Сталин несколько ослабляет свою апологию противоречия, когда указывает на то, что противоположные высказывания, о которых здесь идет речь, относятся к разному времени и поэтому, в сущности, не вступают в противоречие друг с другом. Однако в том же тексте он подчеркивает трансисторическую стабильность языка. От более проницательных, нежели «товарищ Холопов», умов, не укрылось то, что тексты Сталина о языкознании фактически провозглашают противоречие высшим правилом логики. Как раз в это время в стране завязалась идеологическая борьба на биологическом фронте. Вопрос заключался в том, чем живое отличается от мертвого, механического, машинного. При этом у представителей власти возникло подозрение, что генетика, пытающаяся подчинить жизнь мертвой комбинаторике знаков, выступает на стороне смерти. Это подозрение только усугублялось тем, что определенную роль в генетике играла формальная логика: последняя понималась как логика машин, а не живущих в самопротиворечии людей. В своей небольшой книге «Значение работ товарища И. В. Сталина о вопросах языкознания для развития советской биологической науки» А. И. Опарин не без основания усматривал параллели между выводами Сталина о языке и позицией Лысенко, возглавлявшего лагерь антигенетиков, которые вышли победителями в борьбе со своими соперниками. Опарин цитирует в этой связи Лысенко, считавшего, что цель оплодотворения заключается в создании «из разных клеток (ядер) одного, единого, биологически противоречивого тела, а это и есть жизнеспособность тела».[16] Здесь со всей ясностью утверждается, что только внутренне противоречивое можно считать живым и жизнеспособным. Сама жизнь понимается здесь как определенная логическая, языковая фигура, – а именно фигура парадокса.

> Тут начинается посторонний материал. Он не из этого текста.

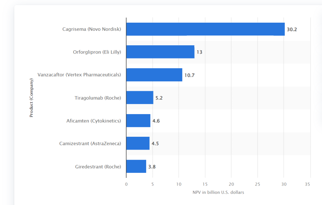 與Evaluate Pharma的榜單類似,Statista的管線資產中NPV最高的項目同樣是諾和諾德的CagriSema,但比Evaluate的估值更高,為302億美元。

Итак, коммунизм сталинского образца реализует платоновскую мечту о правлении философов, осуществляемом исключительно посредством языка. В платоновском государстве предполагалось специ альное сословие стражей, которое осуществляет перевод языка философии в акты прямой власти, обеспечивающей единство этого государства. То же самое мы видим в сталинском государстве. Оно представляло собой государственный аппарат, осуществлявший перевод философского языка в действие – и, как известно, этот перевод обычно оказывался достаточно грубым. Но все же речь шла именно о господстве языка, ведь только посредством языка философ мог заставить этот аппарат его слушаться и осуществлять свою деятельность от имени целого. В классических монархиях легитимность власти гарантировалась телом монарха – точнее, происхождением этого тела. Власть фашистского вождя также легитимируется расовым происхождением его тела (в этом смысле фашизм есть демократический вариант монархии). В отличие от них тело коммунистического вождя нерелевантно для его властных полномочий. Легитимность его власти обеспечивается только тем, что он мыслит и говорит более диалектично, то есть более парадоксально и тотально, чем все остальные. Там, где это языковое обеспечение легитимности отсутствует, вождь рано или поздно ее лишается.
Стремление к философскому правлению неотделимо от самой философии. Если мы не хотим управлять тотальностью мира, то зачем, спрашивается, вообще эту тотальность мыслить? Отказываясь от претензии на тотальную власть философии, мы отказываемся и от самой философии, которая в этом случае сводится к истории философии. Но необходимо избавиться от расхожего заблуждения, которое, помимо прочего, затуманивает и образ платоновского государства: призыв установить власть философов многим кажется недемократическим, поскольку считается, что философия является особым, специальным знанием, недоступным для большинства людей. Таким образом, возникает впечатление, будто власть философов – это власть элиты, исключающей большинство. Но спросим себя: кто такой философ? Философ – это тот, кто говорит (либо красноречиво молчит), потому что любой язык прямо или косвенно обращается к целому языка и тем самым оказывается философски релевантным. Витгенштейн, намереваясь привить народу иммунитет к всякого рода философии и навсегда уберечь его от опасности философского господства, пытался в свое время очистить повседневный язык от языка специфически философского, то есть такого, который относится к целому и поэтому неизбежно парадоксален. Ему это, как известно, не удалось. Вместо этого он в конце своей жизни вынужден был признать, что философия слишком глубоко укоренена в языке – для Витгенштейна это означало неизлечимую болезнь языка, – в результате чего каждый говорящий невольно философствует, то есть в парадоксальной форме ссылается на целостность языка. Попытка воспрепятствовать этому приводит всего лишь к специфической, перверсивной, самодеструктивной форме философской власти.